:: SUPPLIED INFORMATION ::
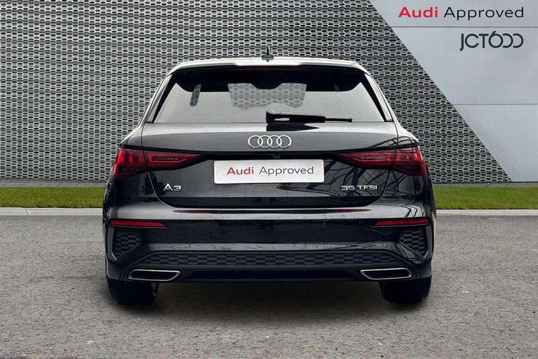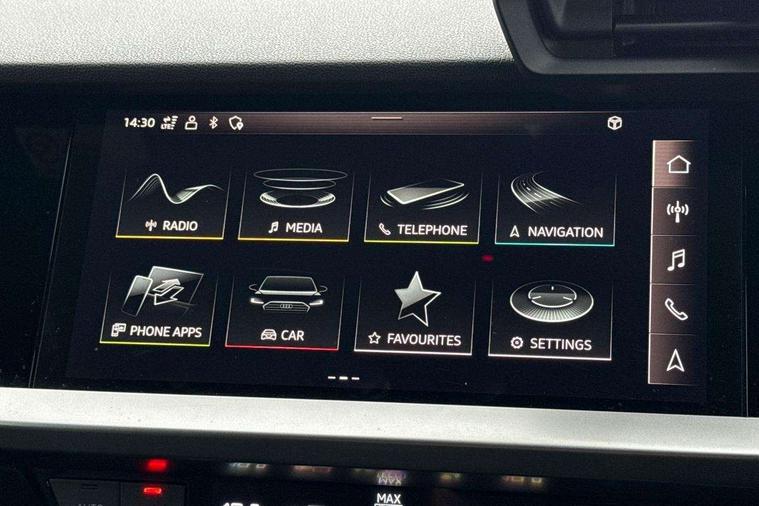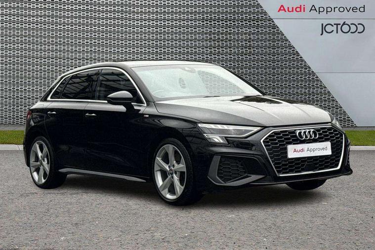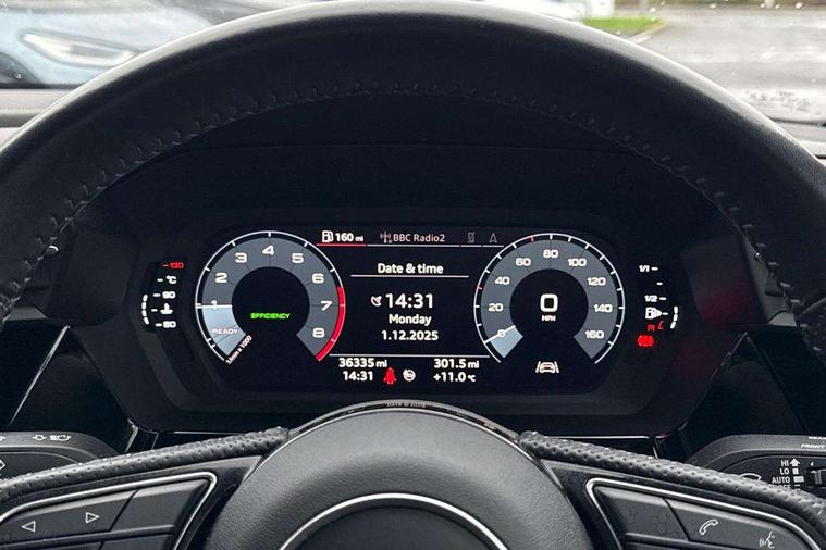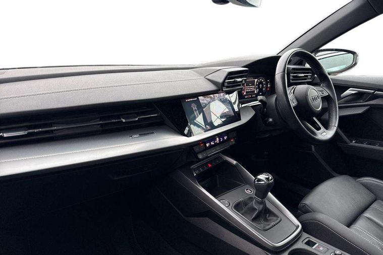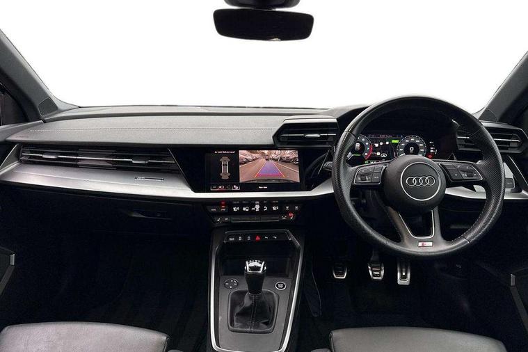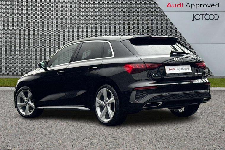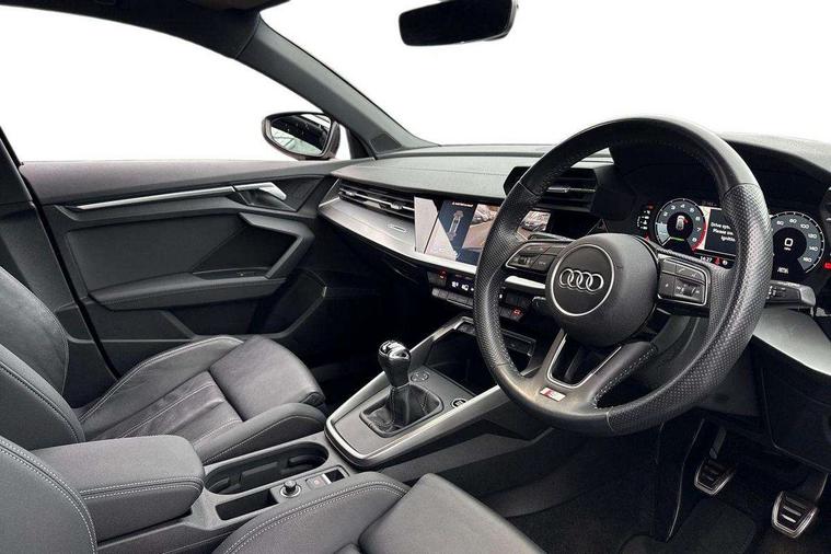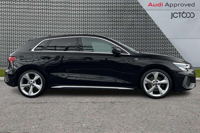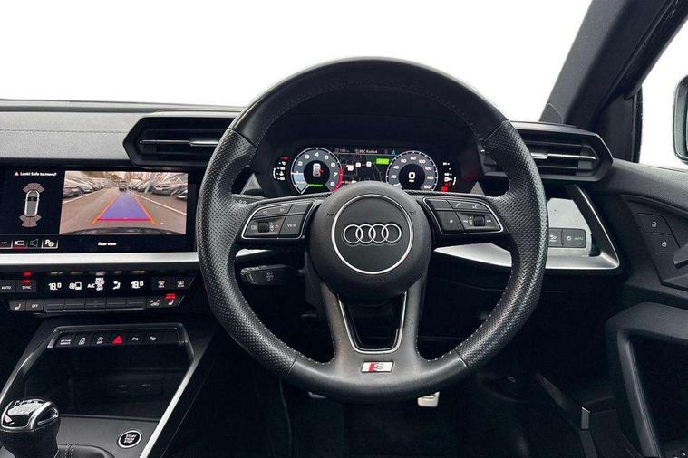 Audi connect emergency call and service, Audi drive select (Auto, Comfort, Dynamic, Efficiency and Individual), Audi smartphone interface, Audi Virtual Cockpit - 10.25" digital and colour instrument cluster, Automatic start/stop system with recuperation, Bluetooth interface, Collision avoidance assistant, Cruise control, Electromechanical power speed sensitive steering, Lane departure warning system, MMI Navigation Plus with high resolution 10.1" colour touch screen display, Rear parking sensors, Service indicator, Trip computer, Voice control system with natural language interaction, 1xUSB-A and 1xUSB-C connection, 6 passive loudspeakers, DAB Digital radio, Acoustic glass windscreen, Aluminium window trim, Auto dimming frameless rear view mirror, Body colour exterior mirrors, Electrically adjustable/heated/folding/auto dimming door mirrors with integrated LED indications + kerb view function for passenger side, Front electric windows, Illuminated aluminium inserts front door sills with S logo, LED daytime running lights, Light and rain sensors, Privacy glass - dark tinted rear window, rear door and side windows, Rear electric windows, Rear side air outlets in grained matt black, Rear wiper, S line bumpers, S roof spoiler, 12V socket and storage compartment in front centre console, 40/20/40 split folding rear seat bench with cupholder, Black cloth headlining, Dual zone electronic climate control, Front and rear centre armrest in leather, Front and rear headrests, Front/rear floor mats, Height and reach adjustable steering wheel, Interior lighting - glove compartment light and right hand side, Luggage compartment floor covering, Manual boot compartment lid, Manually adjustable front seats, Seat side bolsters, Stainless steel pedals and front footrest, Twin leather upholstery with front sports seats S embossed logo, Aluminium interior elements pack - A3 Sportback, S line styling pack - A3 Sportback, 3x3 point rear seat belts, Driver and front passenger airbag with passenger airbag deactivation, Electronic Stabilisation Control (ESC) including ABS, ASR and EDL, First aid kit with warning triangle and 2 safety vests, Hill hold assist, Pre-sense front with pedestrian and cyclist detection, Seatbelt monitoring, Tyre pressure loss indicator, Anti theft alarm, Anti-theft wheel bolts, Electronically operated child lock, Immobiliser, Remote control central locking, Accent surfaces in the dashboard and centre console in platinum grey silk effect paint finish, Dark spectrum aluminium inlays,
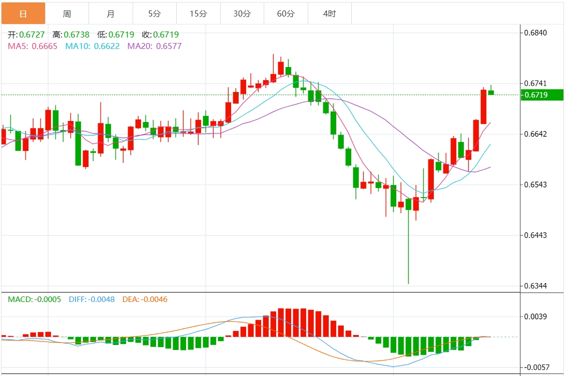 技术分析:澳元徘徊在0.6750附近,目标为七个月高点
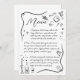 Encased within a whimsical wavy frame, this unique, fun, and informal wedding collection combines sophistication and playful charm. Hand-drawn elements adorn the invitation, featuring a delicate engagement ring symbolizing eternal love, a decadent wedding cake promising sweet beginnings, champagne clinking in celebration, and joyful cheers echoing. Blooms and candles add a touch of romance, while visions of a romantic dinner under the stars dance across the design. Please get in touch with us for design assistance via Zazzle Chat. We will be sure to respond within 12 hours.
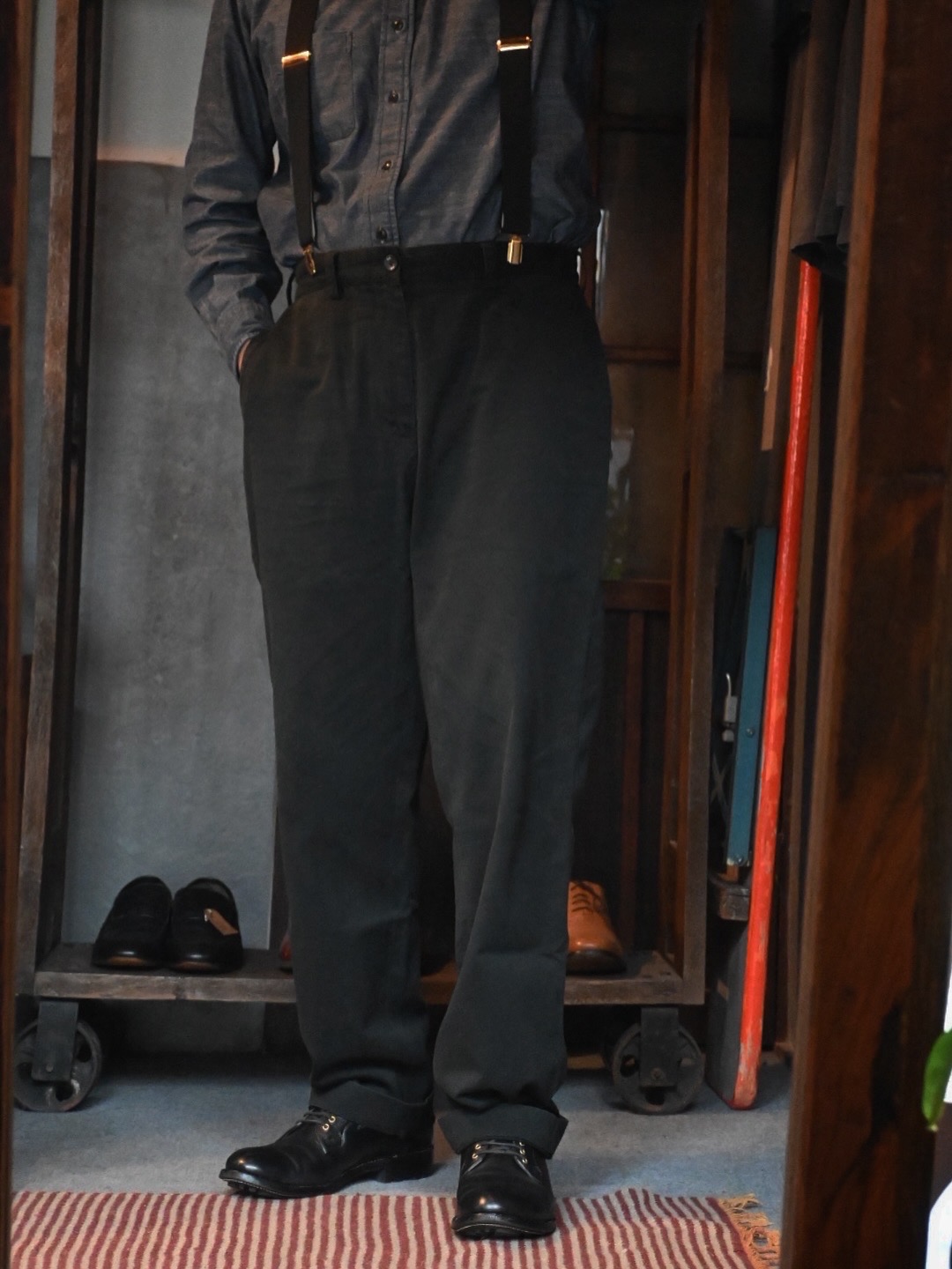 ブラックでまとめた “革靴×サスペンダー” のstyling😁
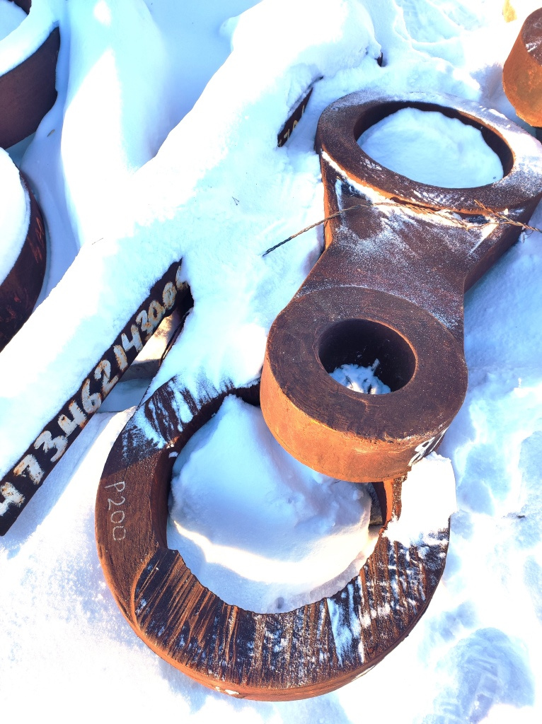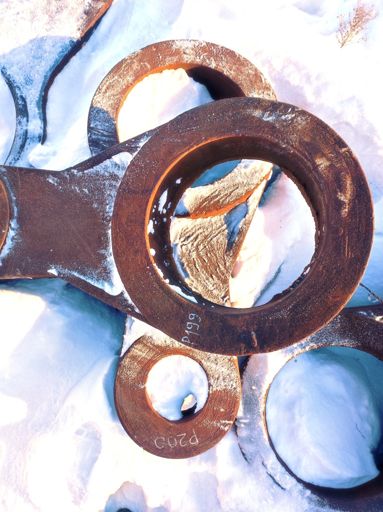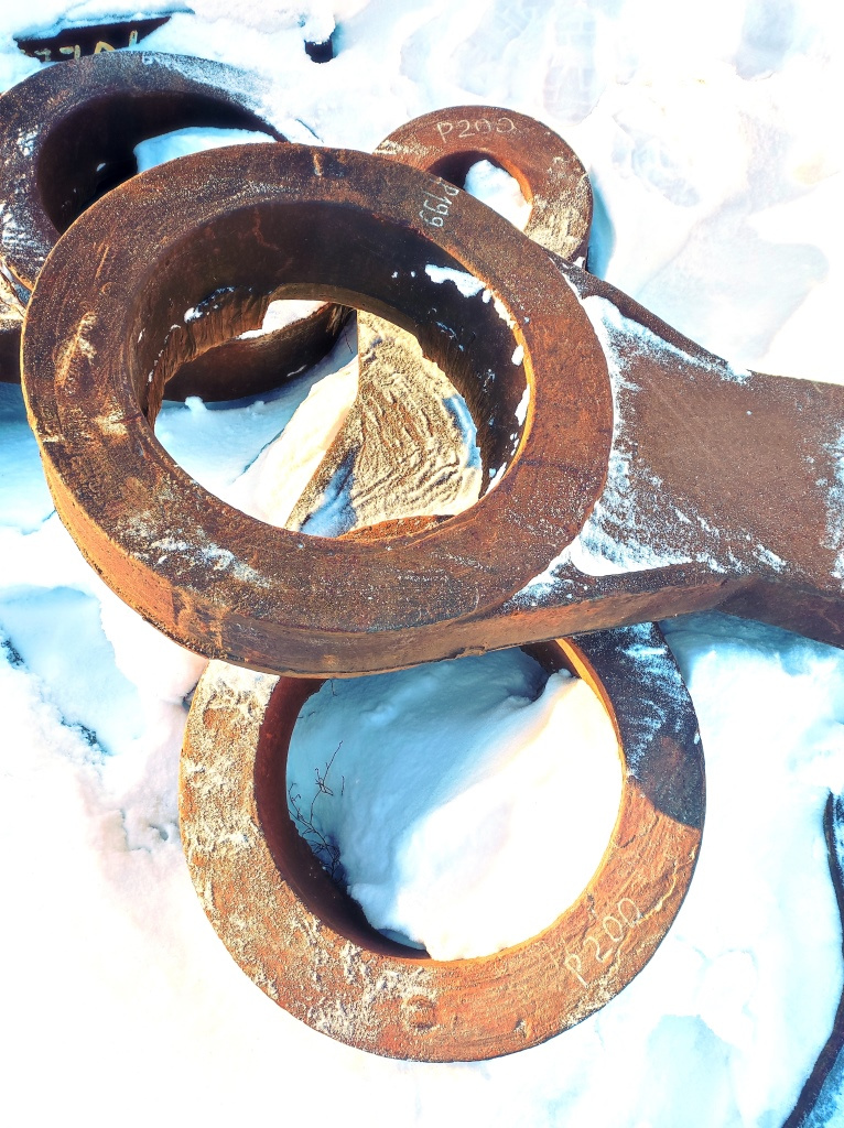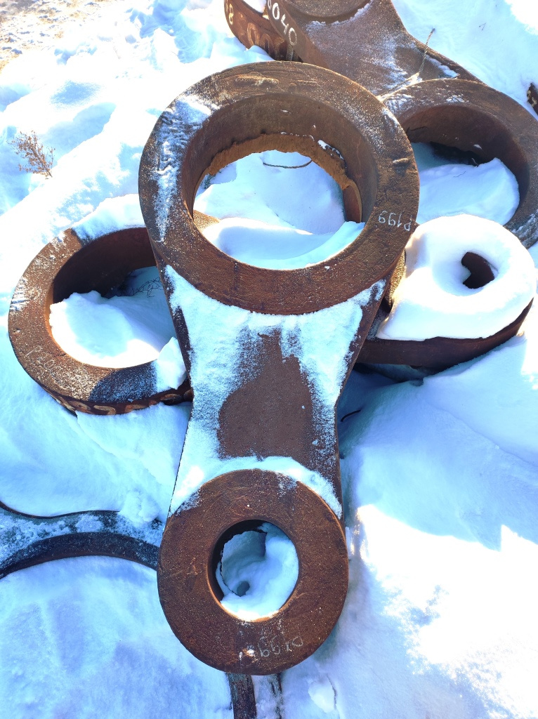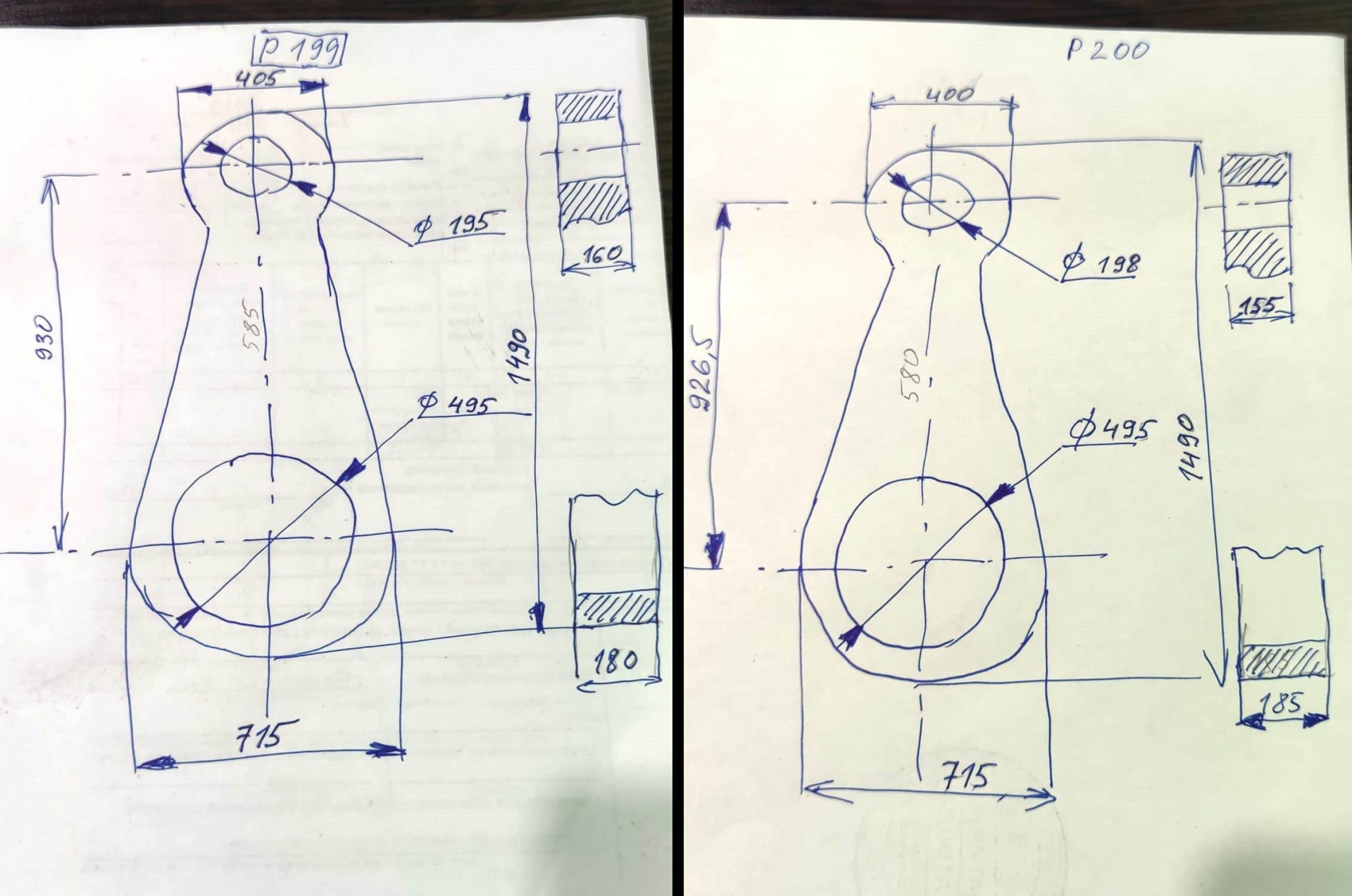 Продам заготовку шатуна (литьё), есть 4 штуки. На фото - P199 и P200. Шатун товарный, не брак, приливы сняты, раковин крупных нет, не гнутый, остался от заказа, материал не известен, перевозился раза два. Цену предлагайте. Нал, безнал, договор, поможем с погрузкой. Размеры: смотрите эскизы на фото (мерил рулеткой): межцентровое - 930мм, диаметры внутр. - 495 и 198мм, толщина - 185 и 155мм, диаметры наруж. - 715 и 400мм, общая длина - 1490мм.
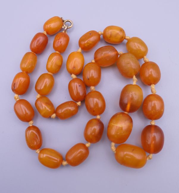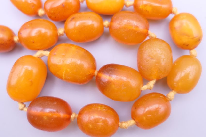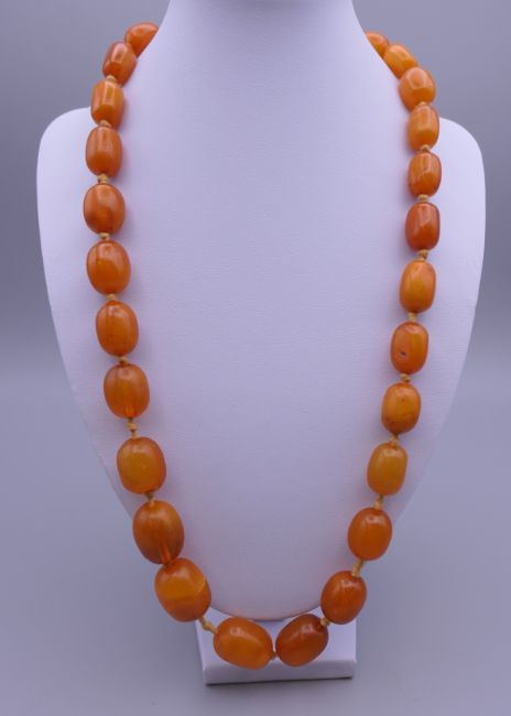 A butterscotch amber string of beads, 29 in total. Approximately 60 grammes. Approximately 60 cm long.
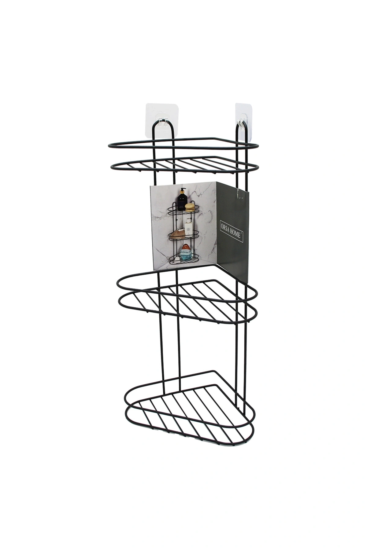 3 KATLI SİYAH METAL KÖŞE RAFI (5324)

:: WHAT IS EXPECTED ::
Reproduce word for word the lines running from the line with "A butterscotch amber" through the end of the data, both included, and nothing else; leave out the pictures.

:: EXERCISE RESULT ::
 A butterscotch amber string of beads, 29 in total. Approximately 60 grammes. Approximately 60 cm long.
 3 KATLI SİYAH METAL KÖŞE RAFI (5324)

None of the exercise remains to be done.